Ilham Permana Prihatin Purchasing Managers’ Index (PMI) Manufaktur Indonesia April 2025 Turun di Level Kontraksi 46,7 Terendah Sejak Pandemi COVID-19

 Ilham Permana Prihatin Purchasing Managers’ Index (PMI) Manufaktur Indonesia April 2025 Turun di Level Kontraksi 46,7 Terendah Sejak Pandemi COVID-19

JAKARTA – Anggota Komisi VII DPR RI dari Ilham Permana menyatakan keprihatinannya atas penurunan Purchasing Managers’ Index (PMI) manufaktur Indonesia pada April 2025 yang berada di level kontraksi 46,7 atau terendah sejak masa pandemi COVID-19. Untuk itu, Ilham  mendukung langkah strategis yang telah ditetapkan oleh Pemerintah dalam hal ini Kementerian Perindustrian (Kemenperin) untuk menghadapi tekanan tersebut.

“Penurunan ini merupakan cerminan nyata dari dampak kebijakan proteksionis global, terutama tarif resiprokal yang diberlakukan oleh Amerika Serikat. Selain itu, dampak banjir produk impor dari negara-negara yang mencari pasar alternatif. Situasi ini tidak hanya mengganggu daya saing industri nasional, tetapi juga mengancam ketahanan struktur industri dalam negeri,” kata Ilham kepada wartawan, Jakarta, Rabu (7/5/2025).

Sebagai informasi, Purchasing Managers’ Index (PMI) atau bisa disebut Indeks Manajer Pembelian merupakan indikator ekonomi untuk mengukur kondisi kesehatan sektor manufaktur dan jasa suatu negara. PMI mengukur arah tren ekonomi dengan survei terhadap manajer pembelian yang memprediksi kondisi bisnis di masa depan. PMI ini indikator ekonomi penting yang mampu memberikan gambaran cepat tentang kondisi bisnis saat ini dan tren yang mungkin terjadi di masa depan.

Lebih lanjut, Ilham menjelaskan, tantangan yang dihadapi sektor manufaktur saat ini memerlukan respons terintegrasi antar-kementerian dan dukungan lintas sektor. Sebagai Anggota Komisi VII DPR RI yang bermitra dengan Kementerian Perindustrian, Ilham mendorong agar kebijakan industri diarahkan pada penguatan struktur manufaktur nasional secara menyeluruh.

“Data dari Kementerian Perindustrian menunjukkan bahwa sekitar 80 persenproduk manufaktur Indonesia diserap oleh pasar domestik. Ini menandakan pentingnya perlindungan terhadap pasar dalam negeri agar tidak dibanjiri oleh produk impor yang tidak terkendali,” ujar Politisi Fraksi Partai Golkar ini.

Ilham yang saat ini menjabat Sekjen DPP Ormas MKGR ini ini menilai, langkah Kemenperin perlu didukung penuh karena secara aktif merespons kekhawatiran pelaku industri, termasuk melalui diplomasi perdagangan dengan mitra internasional dan upaya memperkuat kebijakan substitusi impor. Ilham juga menegaskan pentingnya kolaborasi lintas sektor untuk memitigasi efek domino dari tekanan global ini.

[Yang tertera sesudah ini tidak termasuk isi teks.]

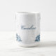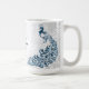 Enjoy your morning coffee with a Blue Peacock Personalized Coffee Mug. Mug design is a visually striking item, featuring a vibrant metallic blue peacock with iridescent feathers shimmer with hues of sapphire blue, and cobalt, creating a bold and luxurious focal point. Set against a gray grunge background, adorning the design are delicate white leaf botanicals, intricately woven around the peacock. These leaves add a touch of elegance and nature-inspired softness, softening the grunge background’s roughness while complementing the peacock’s regal presence. Elegant script lets you add your name or recipients name for a personal gift.
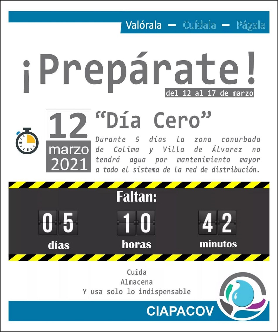 La Comisión Intermunicipal de Agua Potable y Alcantarillado Colima Villa de Álvarez (CIAPACOV) da a conocer que por la urgente necesidad de realizar mantenimiento de todo el sistema de extracción y distribución de agua, la zona conurbada de Colima y Villa de Álvarez estará sin agua 5 días a partir del día 12 de marzo.
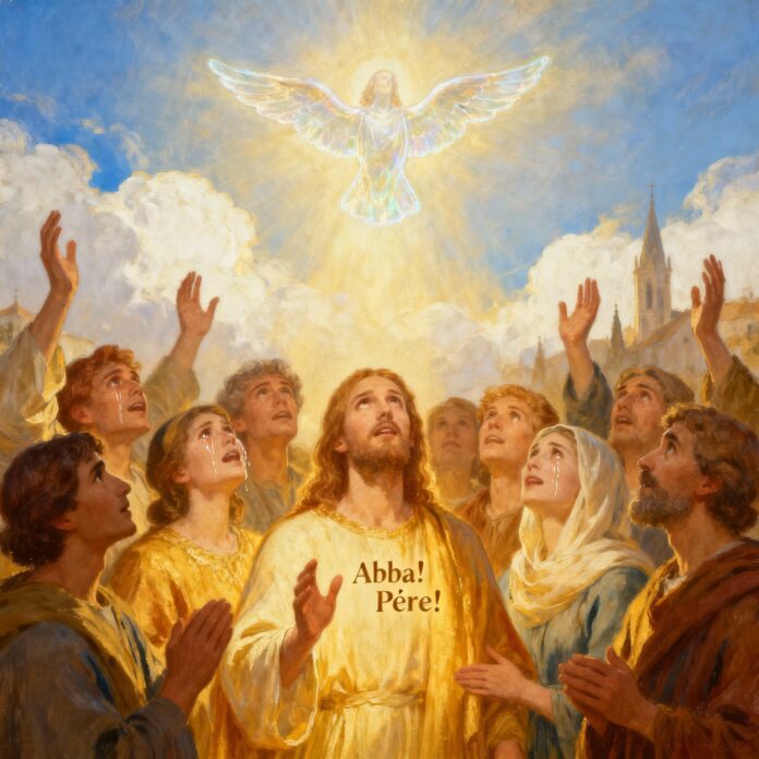 L’Esprit d’adoption transforme cette dynamique. Il produit en nous la capacité de dire « Abba », ce mot que seul Jésus prononçait avec cette simplicité confiante. Nous ne nous approprions pas un titre qui nous serait étranger, mais l’Esprit nous fait participer à la relation même que le Fils entretient avec le Père. C’est lui qui crie en nous, par nous, à travers nous.

“Kami di DPR RI siap mengawal arah kebijakan yang pro-industri dan memastikan kebijakan fiskal, tarif, hingga investasi berpihak pada penguatan industri dalam negeri. Kondisi wait and see dari pelaku industri bukanlah situasi yang bisa dibiarkan terlalu lama. Harus ada kepastian kebijakan, perlindungan yang konkret, dan dorongan optimisme dari pemerintah agar pelaku usaha kembali percaya diri untuk ekspansi, bukan justru melakukan efisiensi berlebihan hingga mengurangi tenaga kerja,” papar Ilham.

Sesuai hasil Rapat Kerja antara Komisi VII DPR RI dengan Menteri Perindustrian pada 2 Mei 2025, Ilham mencatat bahwa negara-negara seperti Filipina dan Tiongkok mampu menjaga daya ekspansinya dengan mengedepankan kebijakan protektif terhadap pasar domestik. Untuk itu, Ilham menyampaikan, pemulihan sektor manufaktur merupakan ujian bagi komitmen bangsa terhadap kemandirian ekonomi

“Indonesia harus belajar dari negara-negara tersebut dan segera menyelaraskan kebijakan industrinya agar tidak menjadi sasaran pelimpahan barang-barang asing. Saya mengajak semua pihak – eksekutif, legislatif, pelaku usaha, dan masyarakat – untuk menyadari bahwa kekuatan ekonomi nasional hanya bisa dibangun dengan fondasi industri yang tangguh di negeri sendiri,” pungkas Ilham.